This question has been asked a couple of times before but I have been strugling trying to understand the previous explanations. I want to understand it concisely with an easy counterexample. So far, I have been trying to understand the first answer of the following post:
Example where union of increasing sigma algebras is not a sigma algebra
The idea in this answer is to take $X= \mathbb{N}$, then $\lbrace 1,2,…,n\rbrace$ for each $n \in \mathbb{N}$, an then consider the sigma algebra for each of this sets, i.e $A_{n}= \sigma (\lbrace 1…,n \rbrace)$. Obviously each $A_{n}$ is a sigma algebra and $A_{n} \subseteq A_{n+1}$ for each $n \in \mathbb{N}$ (i.e the sequence is increasing).
So now we want to prove that $\bigcup_{n=1}^{\infty}A_{k}$ is not a sigma algebra. After this things become more difficult to understand. But If I understand right, he takes a set $F_{2n}=\lbrace 2,4,….,2n \rbrace$ and this set belong to $\bigcup_{k=1}^{\infty}A_{n}$ because for example $4 \in F_{2n}$ we have that $4 \in A_{4}=\sigma (\lbrace 1,2,3,4 \rbrace)$ and it belongs in general to every $A_{n}$ for $n \geq 4$. Proving $F_{2n} \subset \bigcup_{k=1}^{\infty}A_{n}$ but by definition of union $F_{2n}$ should belong to some $A_{k}$ and he argues this doesnt happen which I dont understand since $F_{2n}$ is a subset of $A_{2n}$ right?
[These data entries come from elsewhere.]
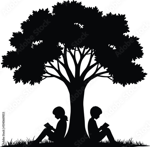 silhouette, children, reading, tree, book, education, nature, children, boy, girl, learning, childhood, park, cognition, friendship, sitting, grass, summer, student, literature, quiet, illustration, vector, peaceful, black, isolated, study, story, imagination, concept, people, foliage, relaxing, reader, love, couple, woman, children, spring, family, children, garden, flower, sky, happiness, play, romance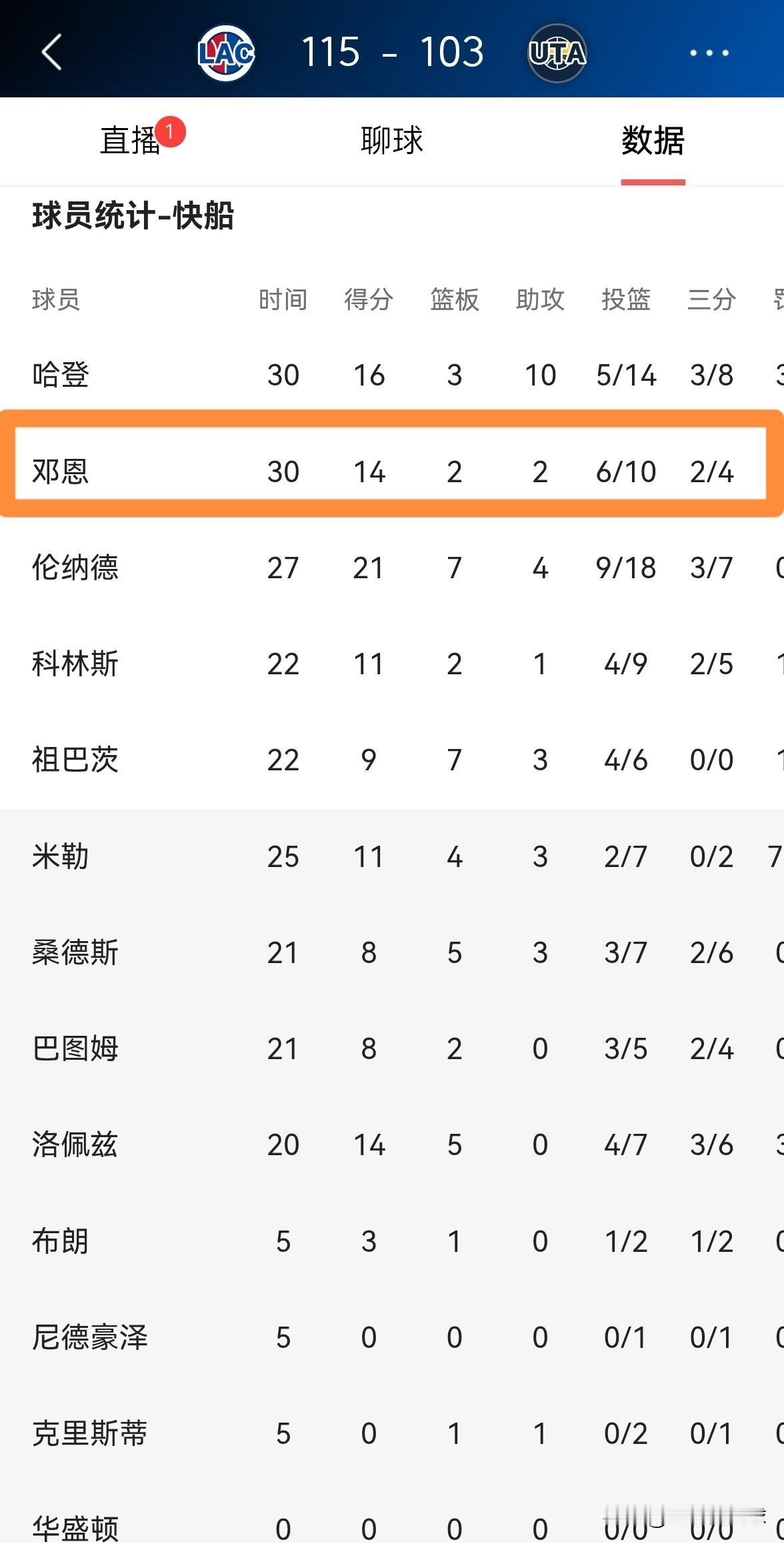 我必须要怒赞快船大将邓恩的抢断能力!在今天快船客场以115:103击败爵士的比赛中,邓恩疯狂的送出了5次抢断,展现出了超强的抢断能力。 整场比赛下来,邓恩首发出战30分钟,投篮10中6,其中三分球4中2非常高效的得到14分,外加2篮板2助攻5抢断,他的场上正负值为+15。 尽管邓恩的进攻能力比较一般,但是他的防守能力绝对是联盟的顶级水准。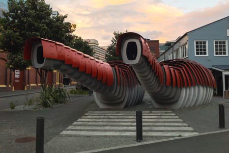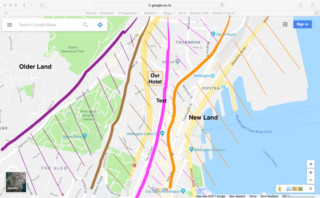 Like everything in New Zealand, Wellington owes much of its geography to seismic forces. A massive fault runs just behind our hotel along Highway 1. It’s a nasty one, too, a strike-slip fault like the one which caused the Christmas Day Tsunami. Evidence of its machinations are all around. Lambton Quay not so long ago used to be shore front property, but is now several blocks inland. In 1855 a massive earthquake pushed everything up. They renamed it to Lambton Quay from, and I’m not making this up, Beach Street.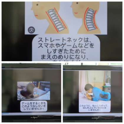 今週は姿勢ウィークです。初日は、給食の時間に保健委員会の人たちが制作した、姿勢に関する動画を観て、姿勢が体に与える影響や体をほぐすことの大切さについて考えました。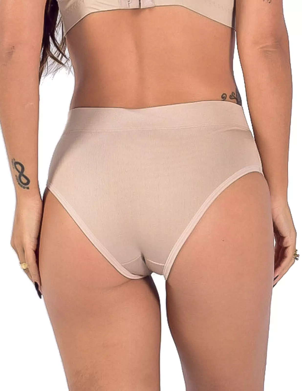 Calcinha Cintura Alta Confortável em microfibra lisa com elástico largo embutido na cintura que não toca a pele.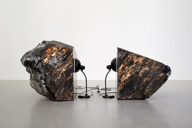 Kamel Mennour stellt die Künstlerin Alicja Kwade aus, die Alltagsgegenstände mit Stein, Holz, Metall und anderen Materialien zusammenbringt. Die Ausstellung „Blue Days Dust“, die noch bis 5. November in der Rue Saint-André-des-Arts zu sehen ist, kreist um Themen wie Vergänglichkeit und Tod. Kwade verbildlicht sie mit Arrangements von Alltagsgegenständen: einer Uhr, einer Sanduhr und einem großen Wasserbecken, dessen Tropfen in regelmäßigen Abständen fallen und an die vergehenden Sekunden und Minuten erinnern.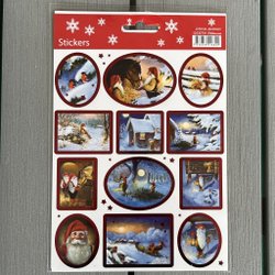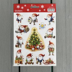 Ark med tomtestickers. Perfekt för att dekorera julkort, paket eller annat pyssel.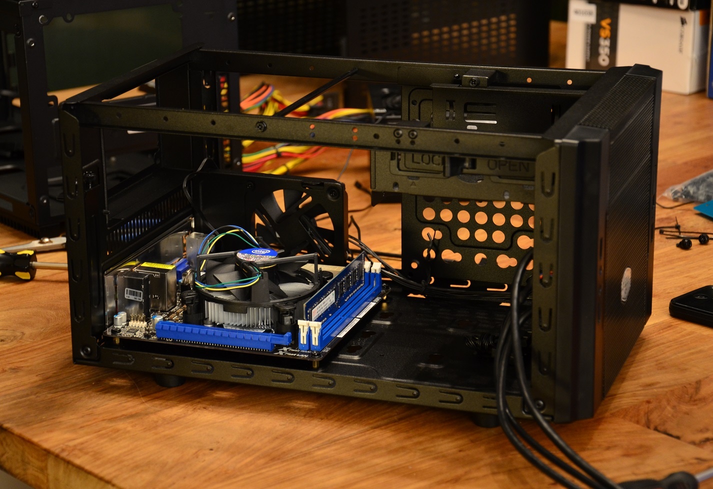 Inbouwen van een relatief open mITX kastje is natuurlijk weinig spannend. De Elite 130 is klein, maar voldoende ruim en open om geen problemen te veroorzaken bij het bouwen er van.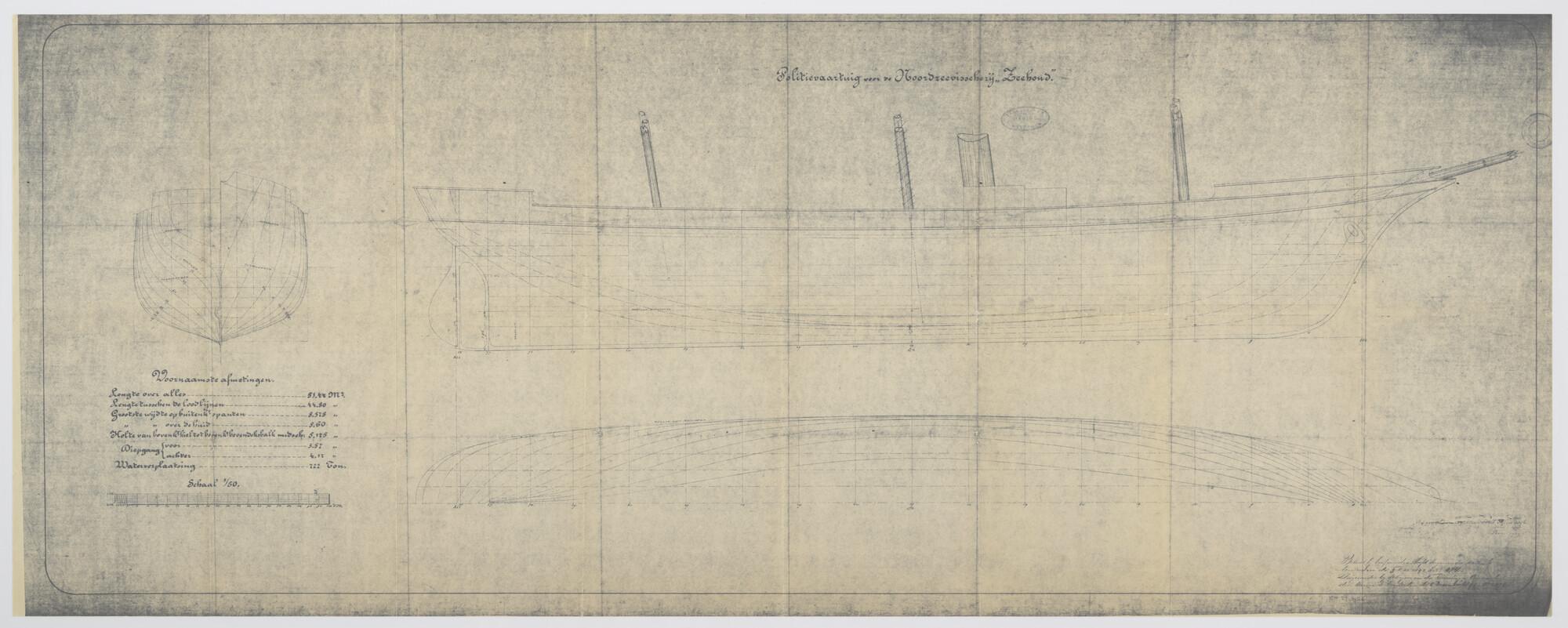 Lijnentekening met spantenraam en overzicht van de voornaamste afmetingen van het visserij inspectievaartuig, de schoener Hr.Ms. 'Zeehond'. Drie masten ; boegspriet ; schoorsteen. Schaal 1:50.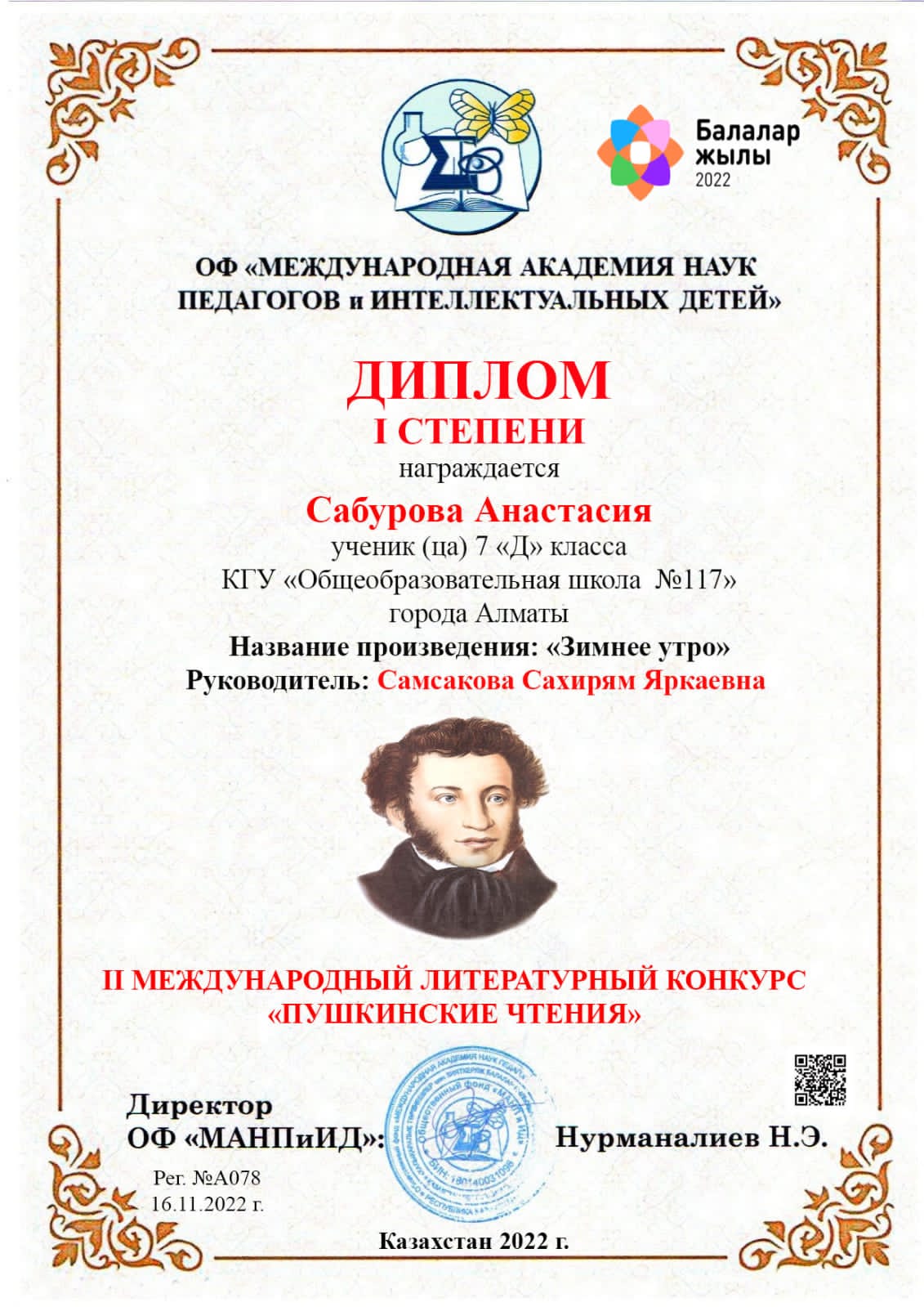 "Пушкин оқулары" 2-ші халықаралық әдеби байқауында І, ІІ дәрежелі дипломдармен марапатталған оқушыларымызды құттықтаймыз!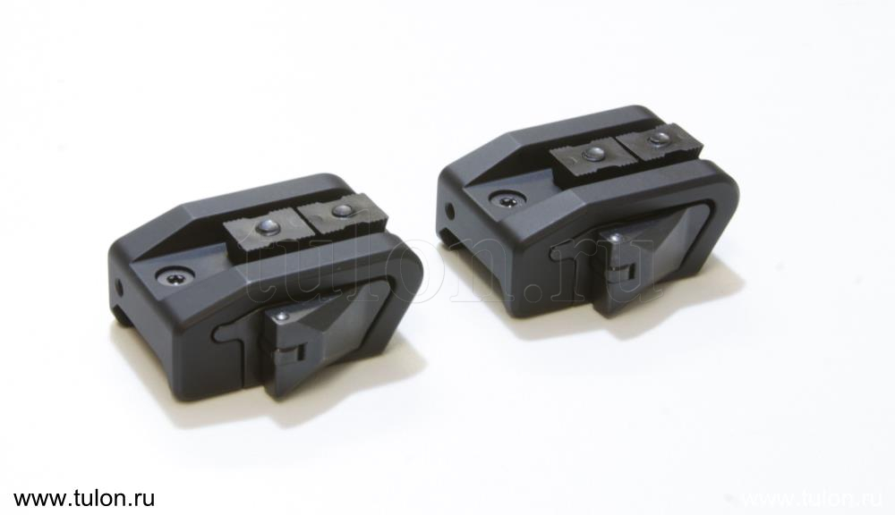 Все очень просто — прислонить ответную часть кронштейна к основе и закрыть зажимной рычаг. Флажок рычага в сложенном положении не возможно открыть случайно. Нажав кнопку с противоположной стороны кронштейна, освобождается флажок запорного механизма, только после этого замок можно открыть и снять кронштейн. Прицельное устройство можно установить или заменить в течении считанных секунд.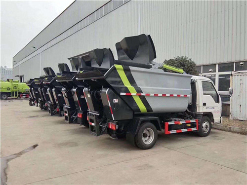 2、該車通過箱體后部的提升機構掛桶裝載垃圾,可兼容提升120升,240升兩種標準垃圾桶。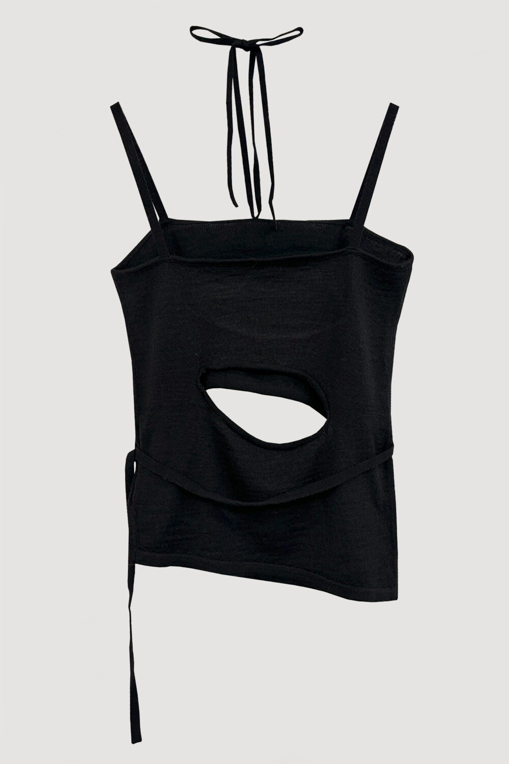 ナチュラルな風合いのウール混ニットキャミは、飾り糸やベルト・大胆なカッティングでVIAVANDAならではのニュアンスをプラス。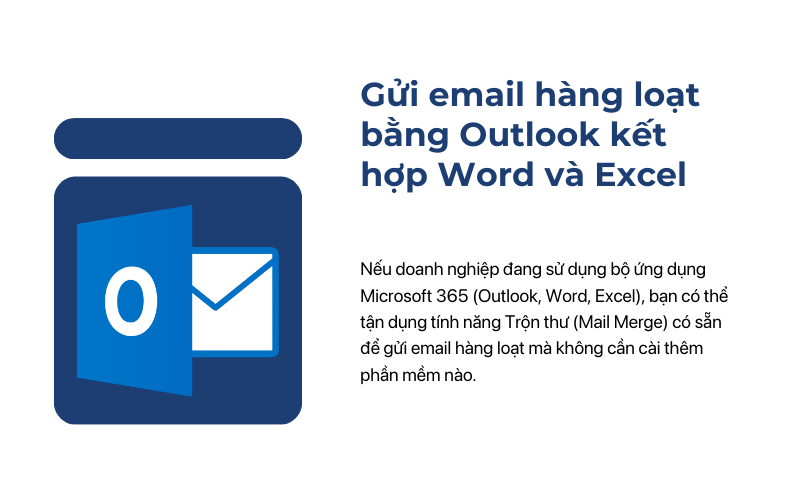 Nếu doanh nghiệp đang sử dụng bộ ứng dụng Microsoft 365 (Outlook, Word, Excel), bạn có thể tận dụng tính năng Trộn thư (Mail Merge) có sẵn để gửi email hàng loạt mà không cần cài thêm phần mềm nào.

Also I dont understan the scheme of the proof I mean why this proves this is not a sigma algebra?
I would appreciate a nice explanation of the answer there,thanks!
Best Answer
The increasing union of $A_n$ captures exactly the subsets of $\Bbb N$ that are either finite or cofinite. But there are plenty of sets (such as the even numbers) that are (a) a countable union of finite sets but (b) are neither finite nor cofinite. Since the set of even numbers is a countable union of sets within $\cup A_n$, but is not itself within that union, it follows that $\cup A_n$ is not a $\sigma-$algebra.